PROBLEM TO SOLVE
Word for word, output the data, with none of its pictures.

Stored records
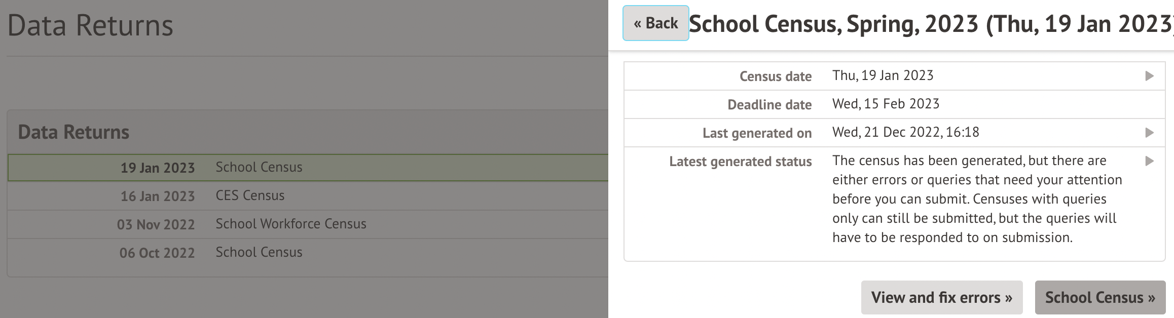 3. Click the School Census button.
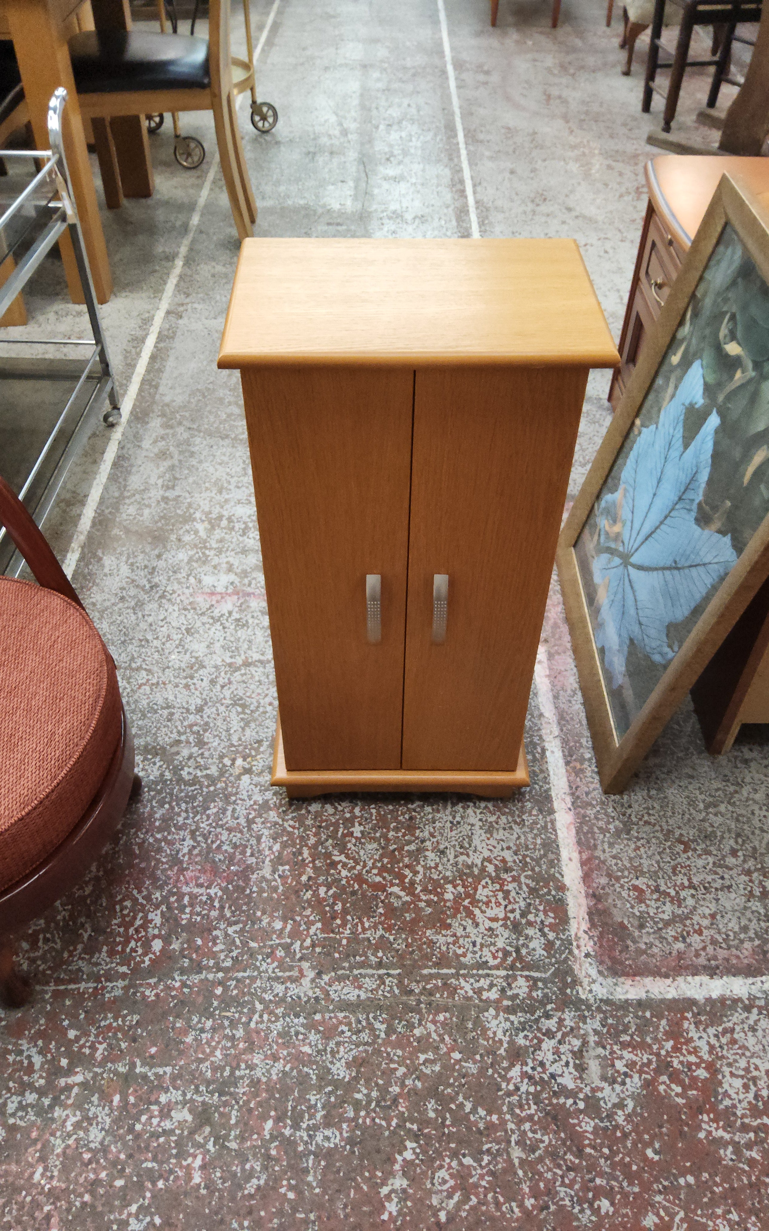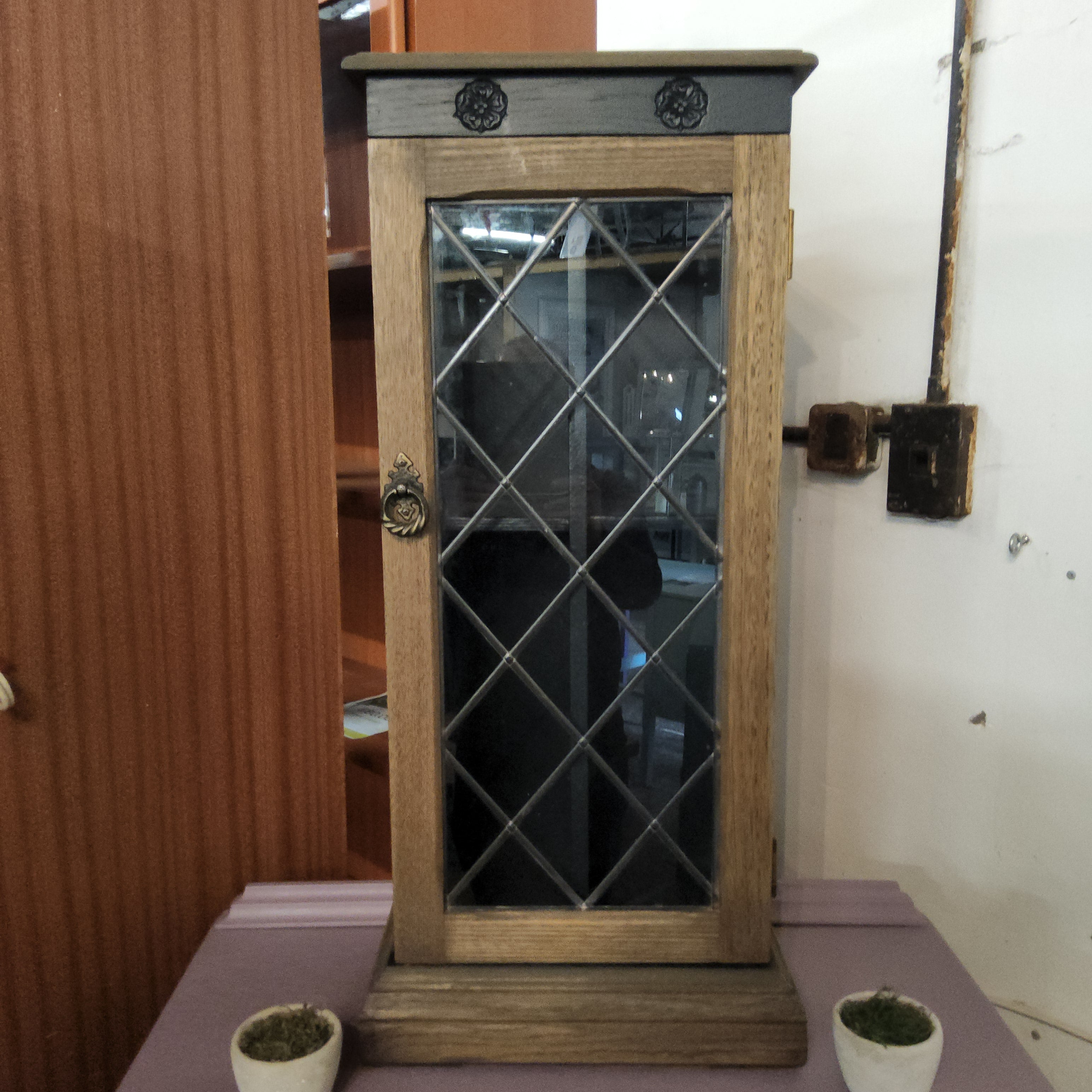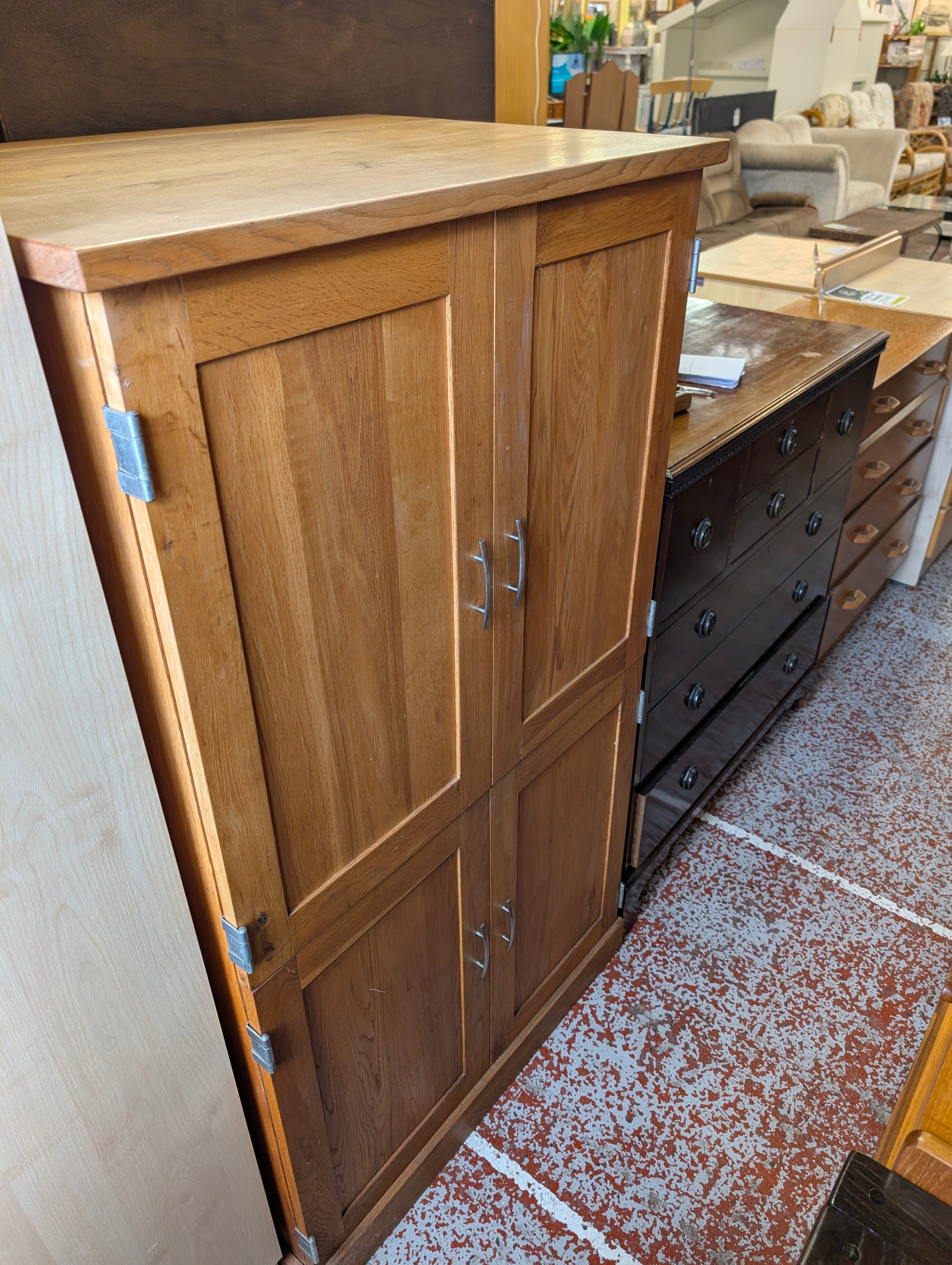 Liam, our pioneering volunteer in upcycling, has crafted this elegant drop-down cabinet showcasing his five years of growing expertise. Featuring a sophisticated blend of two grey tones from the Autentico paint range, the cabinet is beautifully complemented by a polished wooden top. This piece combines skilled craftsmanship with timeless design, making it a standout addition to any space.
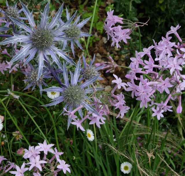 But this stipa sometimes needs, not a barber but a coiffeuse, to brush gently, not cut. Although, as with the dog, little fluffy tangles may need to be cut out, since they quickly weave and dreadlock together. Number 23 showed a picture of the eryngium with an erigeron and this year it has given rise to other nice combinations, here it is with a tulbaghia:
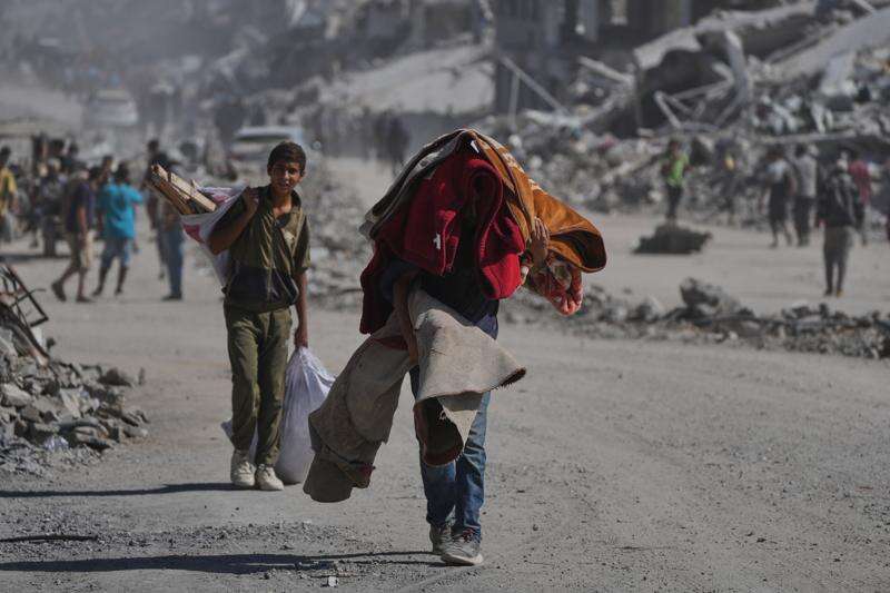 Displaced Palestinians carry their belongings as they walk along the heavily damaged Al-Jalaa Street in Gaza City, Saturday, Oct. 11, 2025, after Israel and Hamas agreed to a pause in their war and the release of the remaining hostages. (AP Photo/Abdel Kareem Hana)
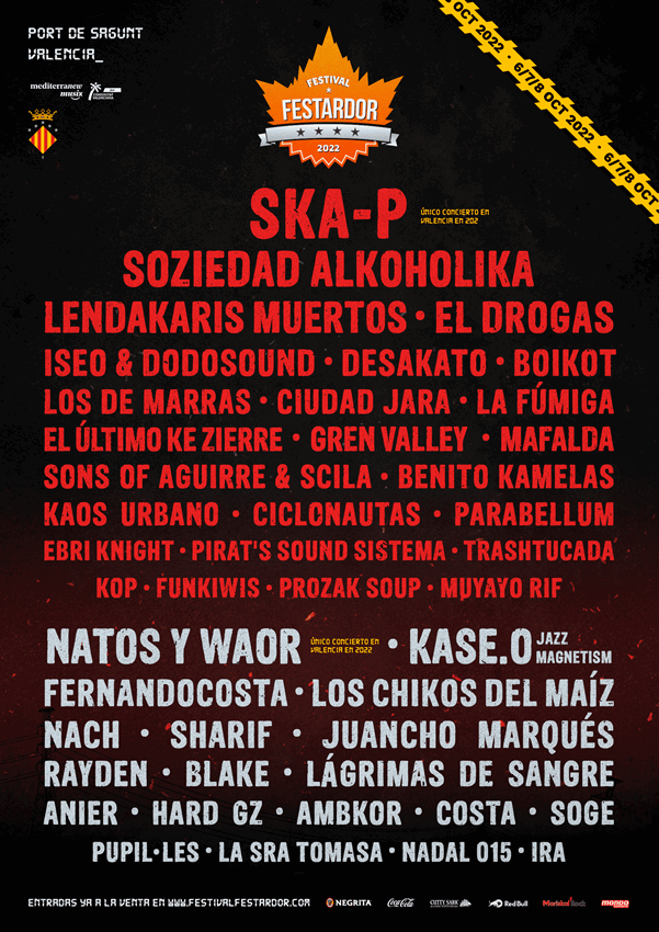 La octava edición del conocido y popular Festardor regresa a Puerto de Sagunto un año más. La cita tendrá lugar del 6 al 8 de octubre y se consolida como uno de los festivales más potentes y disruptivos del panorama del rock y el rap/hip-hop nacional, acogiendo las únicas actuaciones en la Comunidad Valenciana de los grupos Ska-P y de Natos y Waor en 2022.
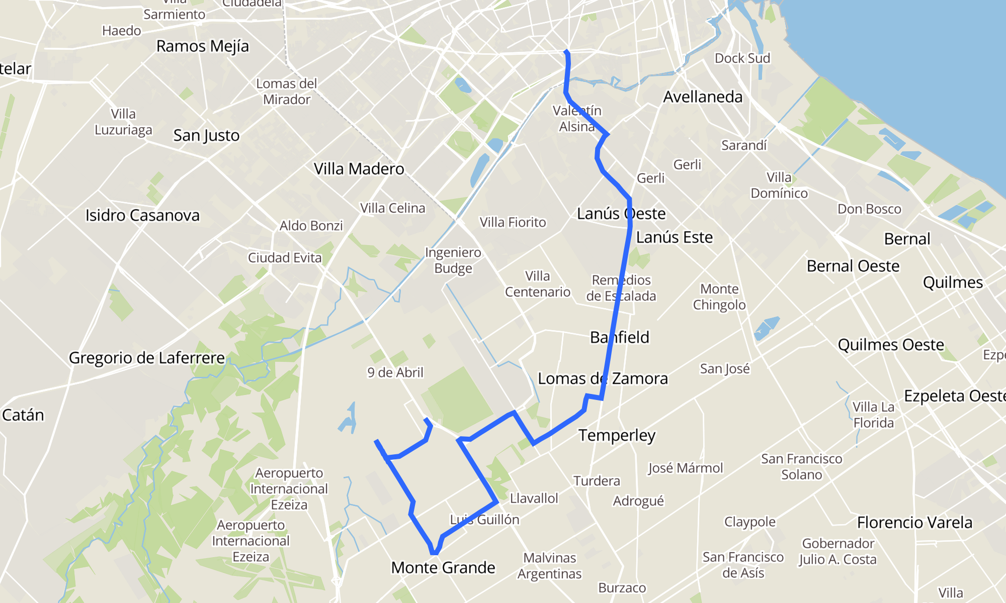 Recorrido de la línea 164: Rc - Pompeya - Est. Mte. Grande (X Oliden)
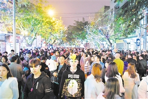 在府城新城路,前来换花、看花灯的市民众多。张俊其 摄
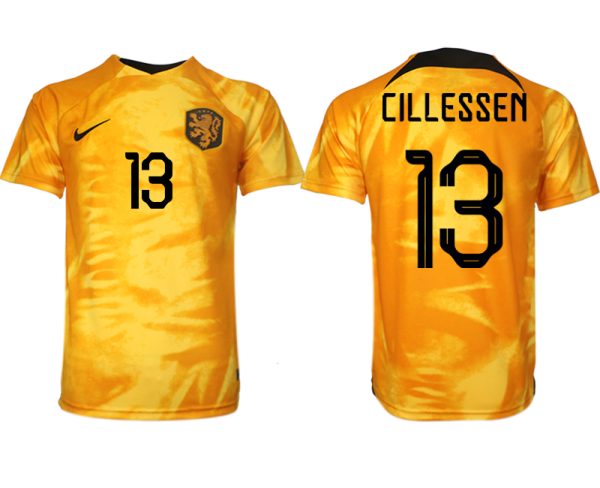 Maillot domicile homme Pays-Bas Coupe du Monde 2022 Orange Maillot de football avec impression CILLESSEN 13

ANSWER TO THE EXERCISE
 3. Click the School Census button.
 Liam, our pioneering volunteer in upcycling, has crafted this elegant drop-down cabinet showcasing his five years of growing expertise. Featuring a sophisticated blend of two grey tones from the Autentico paint range, the cabinet is beautifully complemented by a polished wooden top. This piece combines skilled craftsmanship with timeless design, making it a standout addition to any space.
 But this stipa sometimes needs, not a barber but a coiffeuse, to brush gently, not cut. Although, as with the dog, little fluffy tangles may need to be cut out, since they quickly weave and dreadlock together. Number 23 showed a picture of the eryngium with an erigeron and this year it has given rise to other nice combinations, here it is with a tulbaghia:
 Displaced Palestinians carry their belongings as they walk along the heavily damaged Al-Jalaa Street in Gaza City, Saturday, Oct. 11, 2025, after Israel and Hamas agreed to a pause in their war and the release of the remaining hostages. (AP Photo/Abdel Kareem Hana)
 La octava edición del conocido y popular Festardor regresa a Puerto de Sagunto un año más. La cita tendrá lugar del 6 al 8 de octubre y se consolida como uno de los festivales más potentes y disruptivos del panorama del rock y el rap/hip-hop nacional, acogiendo las únicas actuaciones en la Comunidad Valenciana de los grupos Ska-P y de Natos y Waor en 2022.
 Recorrido de la línea 164: Rc - Pompeya - Est. Mte. Grande (X Oliden)
 在府城新城路,前来换花、看花灯的市民众多。张俊其 摄
 Maillot domicile homme Pays-Bas Coupe du Monde 2022 Orange Maillot de football avec impression CILLESSEN 13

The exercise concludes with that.